Specialisation modules represent the largest projects that you will complete in Turing College. The required time to complete one specialisation module is roughly that of a regular module. They serve multiple purposes:
Acting as an impressive portfolio items to show to employers
An opportunity to get a taste of what projects and work will look like at specific companies
Deepening your knowledge in a specific area that you have learned about so far in the course
Learning new things that are required by specific specialisations or companies
Choosing a specialisation module
You get to choose specialisation modules after you complete the first 4 modules of the course. All specialisation modules will be available to choose from and Turing College team will be ready to advise you on which could potentially best suit you. Some things to take into account are:
Is the specialisation module going to have the right level of difficulty for me? It shouldn’t be too easy, not extremely difficult.
Which areas of data science do you want to get better in?
Which companies are you most interested in? Is the company likely to hire at the time of your graduation (Turing College can help you with this information)?
Usually, a learner will complete 2 specialisation modules. Once you complete the first one, you will get to choose the second one from the remaining specialisation modules (and any new ones if they get added during that time).
Do I need to apply to the company whose specialisation module I chose?
No, you do not need to apply that company. Choosing a specialisation module of a company just increases (but doesn’t guarantee) your chance of successful application to that company.

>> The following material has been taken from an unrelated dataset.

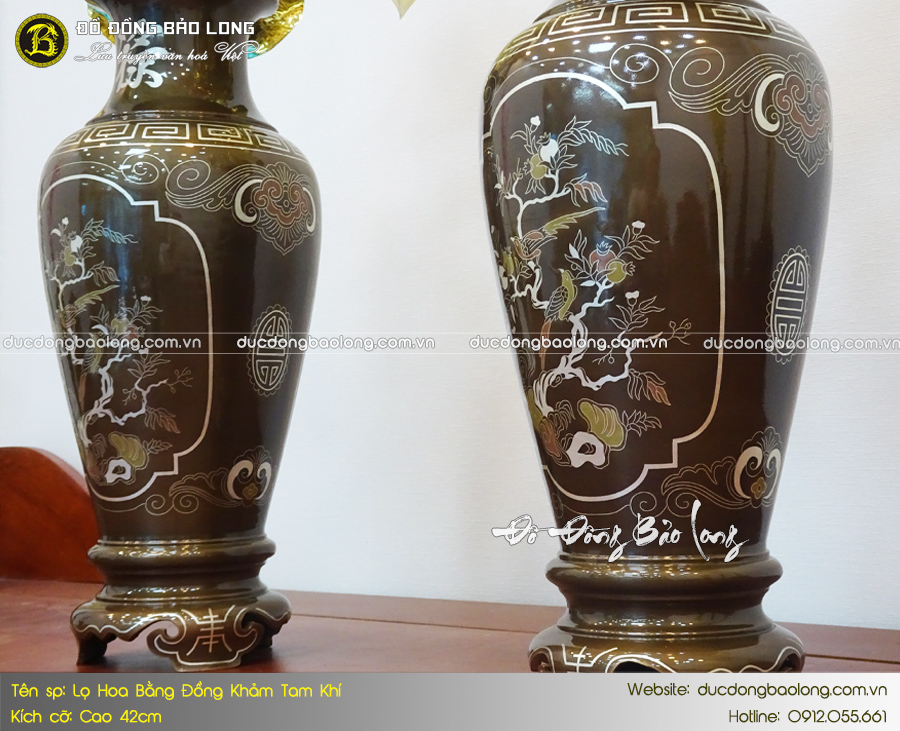 >> Xem thêm: Mẫu lọ hoa bằng đồng khảm vàng bạc hoa văn long phụng cao 38cm

How do specialisation module corrections differ?
Specialisation module corrections will last longer (typically, up to an hour) and may have people from the company that prepared the specialisation module join in to listen and ask questions. In a successful scenario, this could fully replace a technical challenge when applying to that company.
How much help will I receive during specialisation modules?
Different companies have different preferences about how much help should be given to a learner while they are working on a specialisation module. Some might want there to be minimal help, others might want there to be weekly (or more regular) check-ins with STLs or themselves. However, at least minimal guidance is always expected (for example, during your standups), so do not expect that you will need to work for a month or more completely on your own.
Are there team specialisation modules?
Currently, all specialisation modules will be individual. This is because our Hiring Partners saw this as a better way to evaluate a learner’s preparedness for a junior role, in which they will need to show a level of independence.
Teamwork is still an important part of your learning experience here and there are plenty opportunities to practice it. We encourage throughout the whole course to regularly help and get help from other learners, organise study groups and build a useful network of colleagues.